# 54R Softpoint Shortage



## tr0b3 (Jan 6, 2005)

I am looking for 200 Grain 7.62x54R Soft Points but I am having some difficultly tracking them down. Every local Gun/Ammo retailer around my part of town is sold out; every online retailer is sold out; can't even find a classified ad for them. The brand doesn't really matter although I prefer Wolf. "Cabela's" and other related retailers tell me they are back ordered for up to 6 months for this particular flavor of 54R - does anyone have any idea why? I don't know very many enthusiasts that would use 200gr. SP's in their Mosin or SVTs.

My next question has to do with Reloading, as I have never tried this before. Can anyone recommend any good books relating to the topic. Also, how expensive is all of the equipment (I'm sure this question is asked often). This may sound a little stupid, but I'm also curious as to how one goes about obtaining the caseless bullets for odd rounds (like my 200gr 54R inquiry)? Is it possible to fabricate these things yourself? Anyway, sorry for the newbish questions. Thanks in advance.


----------



## tr0b3 (Jan 6, 2005)

I think I may have answered one of my reloading questions but I'm unsure. Since the 54R is .311" yet close enough to .308", is it possible then to fix a casing with any .308 bullet?


----------



## The Norseman (Jan 8, 2005)

I have a suggestion. I think the best thing to do is take a dail indicator or caliper and mike out the bore size. To do this take the calipers using the inside diameter jaws and measure the groove diameter and the lands diameter.
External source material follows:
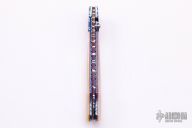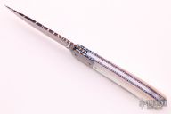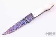 This LL19 linerlock folder by Andre Thorburn features a blued Damascus blade with a single mother of pearl inlaid thumbstud. The handle has matching blued Damascus bolsters, mother of pearl scales with red liners, anodized and fileworked titanium liners, and a stainless steel backspacer. Dated 2004 inside backspacer. Nice detent, lockup and blade seating. Excellent condition.

Once you have miked them use a bullet that is within, I repeat within not over what the grooves diameter is. Example: if your groove diameter is .311, use .311 or .310. If go over size the round with probably not chamber correctly, pinch the casing tighter around the bullet, thus resulting in high pressures. Even if you do get it chambered the bullet will be tight to the barrel lands, high pressures will result. One thing you can do, it is pretty easy is just see if the bullet fits into the muzzle, too looose no good, just engages the lands maybe too big. Remember when a bullet is fired it expands just a little and seals to the gooves so powder gases bearly pass by the bullet, this is in less than thousands of an inch. Another thing you can do is mike a bullet that you use and that is the diameter you need to use.
Serria bullets has a toll free phone number, call them and ask for advise.
There is another way to measure but it is to complicated.

For reloading equipment and information any of the major brands usually have free how to pamphets. I like Lee and RCBS. Lee dies are very easy to adjust (and stay in adjustment/don't move once set). RCBS you usually need your wrenches to adjust them. krk


----------